May 152020
 

Five Good Covers presents five cross-genre reinterpretations of an oft-covered song.

John Martyn

You getting a bit weary with the news this year? Getting all a bit dark, isn’t it? If evil is too strong a word for this virus, good it certainly ain’t, with some of the actions of our leaders sometimes also bordering on, let’s say, willful. So it is to John Martyn I turn, with his plea for a little more uplift, a little more enlightenment. A little more love.

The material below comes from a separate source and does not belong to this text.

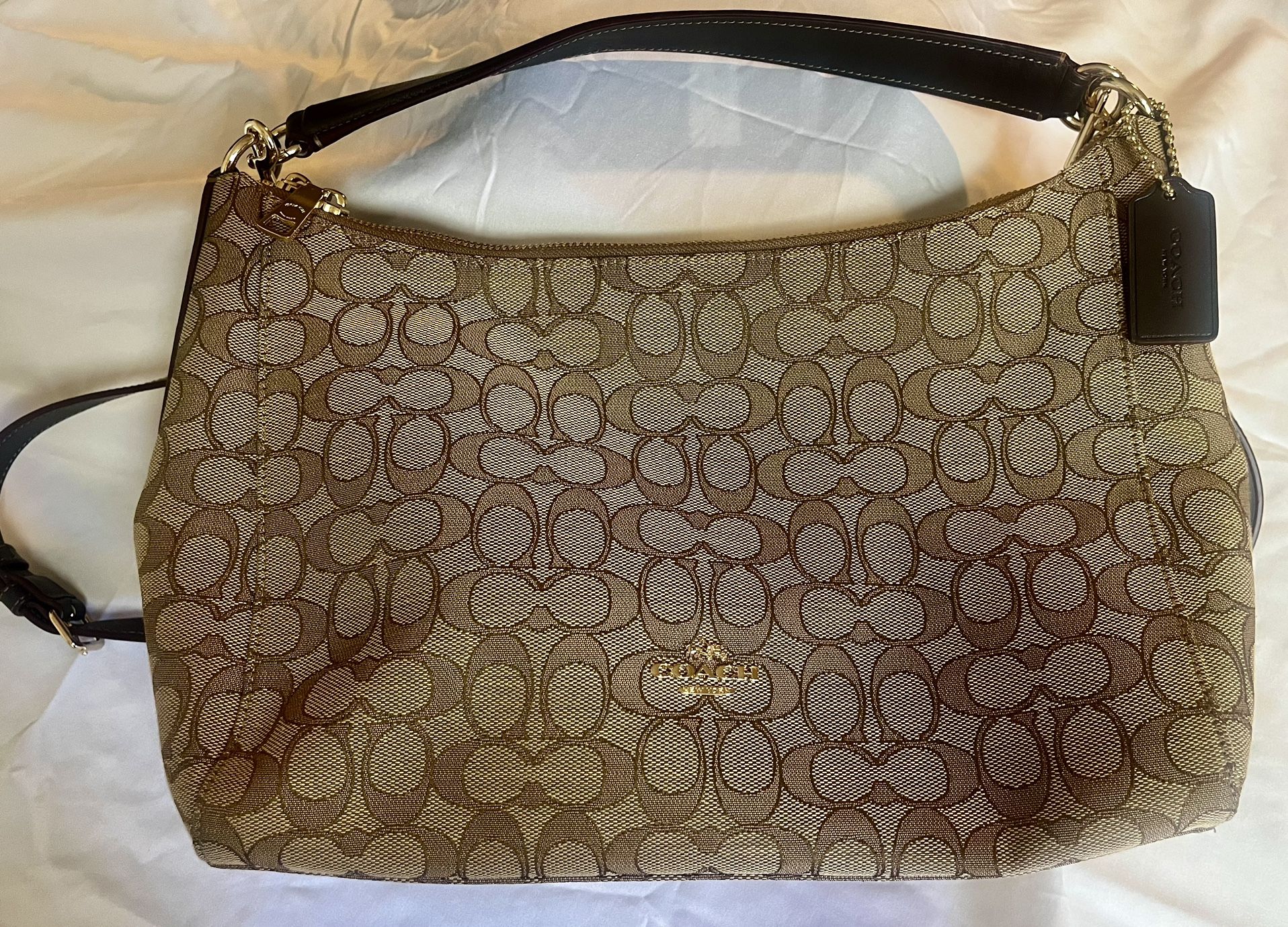 This is a Coach - Teri Hobo Bag (Signature Canvas). It is barely used, in great condition. The only sign of wear is in the inner zipper pocket. There is a pin head size pink dot. Asking $150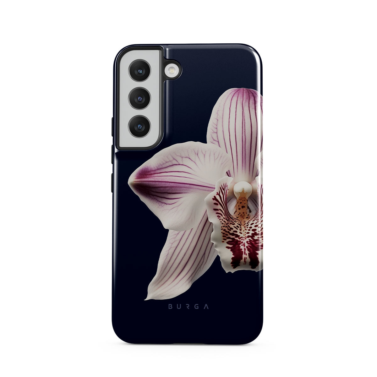 The white orchid blooms boldly upon a night sky blue, a beacon of clarity in the darkness. Our Nectar Samsung Galaxy S22 Plus phone case design speaks to the soul's desire to find light within, to illuminate the hidden paths of self-discovery that only reveal themselves under the cloak of introspection.

John Martyn was a mercurial man, a mass of paradigms. He had the voice and look of an angel at the start of his career, and the recreational habits of the devil. Those lifestyle choices visibly destroyed his body, as over the years he became the embodiment of Dorian Gray’s attic artwork. Yet the voice remained–sure, a tad more blurred around the edges–with the songwriting seeming not to suffer at all. Sounding as though he was never sure if he was a home counties poet or a Glaswegian hardman, Martyn’s onstage persona and accent slipped randomly from the one to the other, belches and sonnets taking turn for attention. Said not to be the nicest of men, not least when afire with alcohol, he left a trajectory of broken relationships and broken faces behind him. His bad habits ultimately killed this 20-stone diabetic amputee, although, with no small irony, his death came at a time where he had finally taken to sobriety. This was no challenge in itself, when journalists, seeking a good story, would sneak him in bottles of hooch, directly against the wishes of his final partner.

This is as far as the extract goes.